Who will Concubine Jin save us? One was her son and the other was the son of a woman who died for her son.
Concubine Jin, she chose to save me first, I saw the disbelief and injury in my brother's eyes in Concubine Jin's arms, I looked at him defiantly, and felt a pleasure of revenge.
In the end, Concubine Jin still didn't save her brother, and her brother was still killed. Looking at his cold corpse, I wondered, is this what I want?

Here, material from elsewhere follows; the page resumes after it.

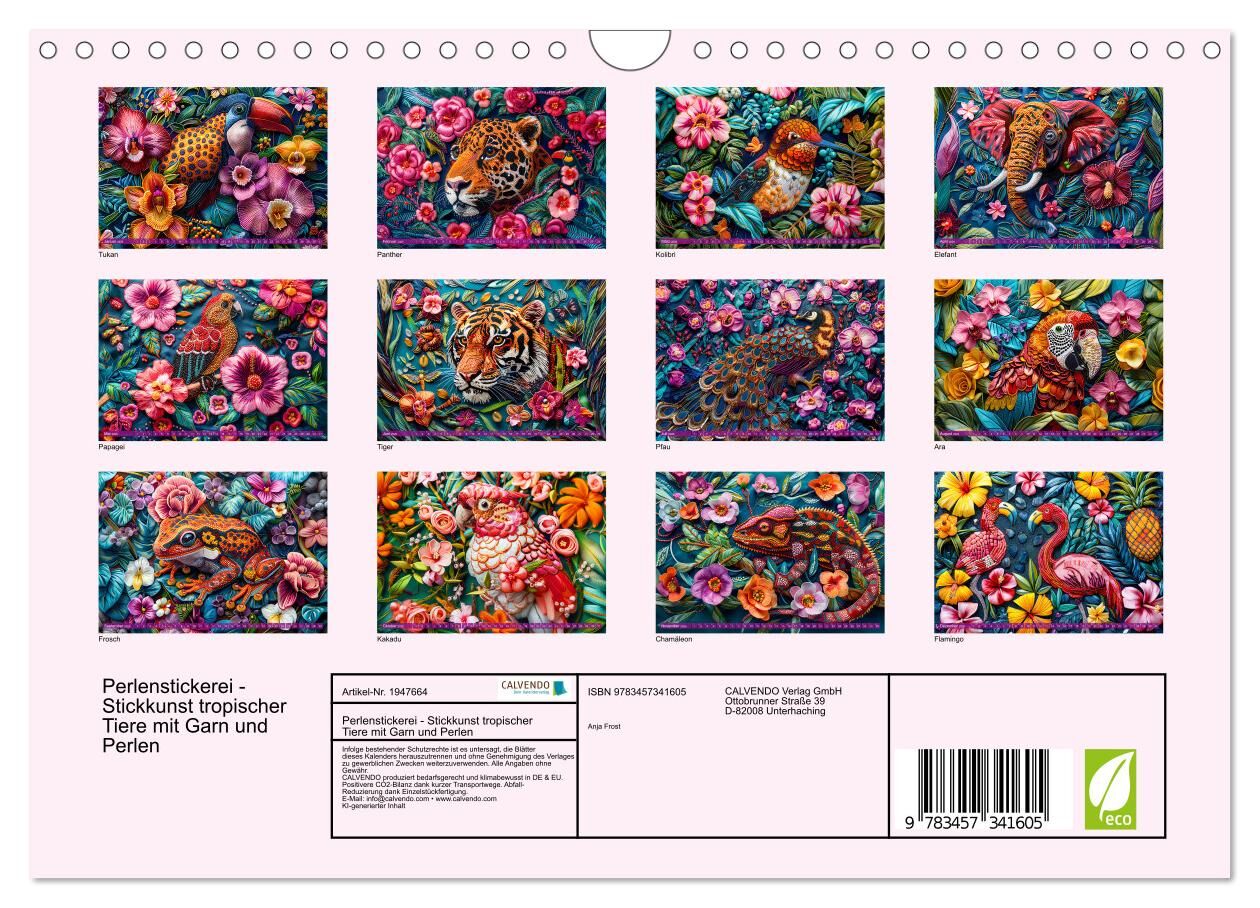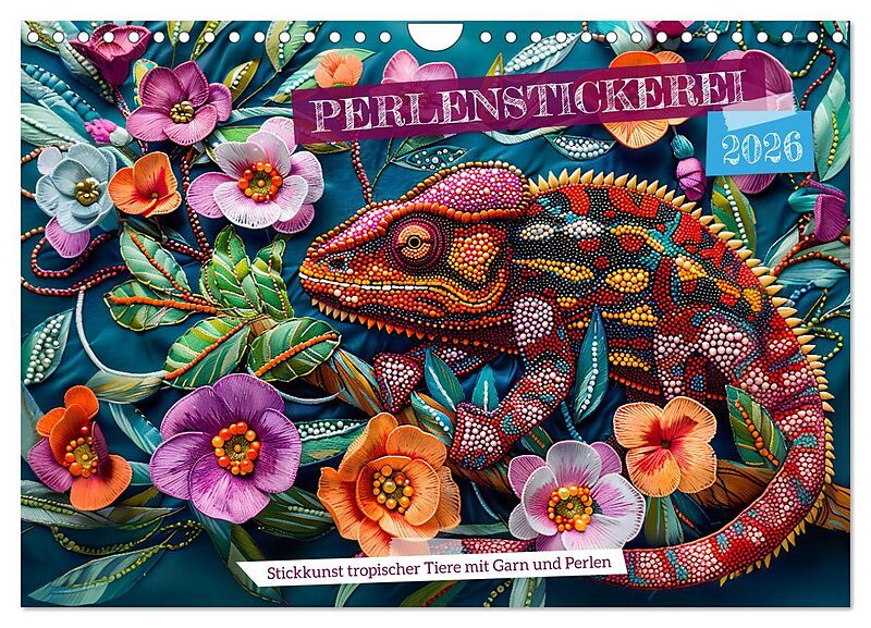 Entdecken Sie die faszinierende Welt der Perlenstickerei mit unserem Kalender "Perlenstickerei - Stickkunst tropischer Tiere mit Garn und Perlen". Jedes Motiv zeigt kunstvoll gestaltete KI-generierte Tierporträts, die digital mit glänzenden Perlen und feinem G...
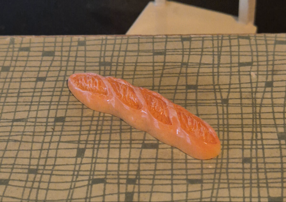 Godt langt brød, flutes til dukkehuset. Det er lavet af plast. Passer bedst til 1:12.

Is it that when he dies, I can get everything I deserve? I never regret my decision.
But in fact, I didn't get everything I wanted, I understood that what I wanted was not the crown prince, I just wanted the warmth that I had never had.
Concubine Jin was sad because of her brother's death, but I didn't want her to really die, because of this woman's relationship, my father would love me a little more. But there is pain in my father's eyes, I want to take my brother's place in his heart, and I just hope that when he looks at me, there will be a trace of warmth.
But no, I didn't get anything.
It's still cold and dark that belongs to me, and it has never changed.
I was afraid to see Danhui's eyes, and every time her clear eyes looked at me, I had the illusion that she had seen through all of me.
She didn't call me brother, she deliberately avoided me every time she saw me, did she know something?
But Concubine Jin is leaving, he is the lubricant between me and my father, as long as she is there, even if the truth is known one day, my father will not kill me, but she is gone, I can't keep her, but I still have to leave people related to her, I left Shuying to take care of me, at least, when my father sees Shuying, he should think of Concubine Jin.
Shuying didn't know the truth, if she knew that I killed my brother, would she want to kill me?
I became the only son of my father, the rightful crown prince, and no one thought that a prince who had been abandoned and neglected would become the future king of Daxiang.
And because my father has an agreement with the eldest princess, I am engaged to the daughter of the eldest princess, this pampered girl, I don't like it at all, but I still have to pretend to like it very much, just because she can bring me the support of the eldest princess.
But life is not without hope at all, my father gave me a companion to read, it was actually Nan'er, the child who once gave me warmth.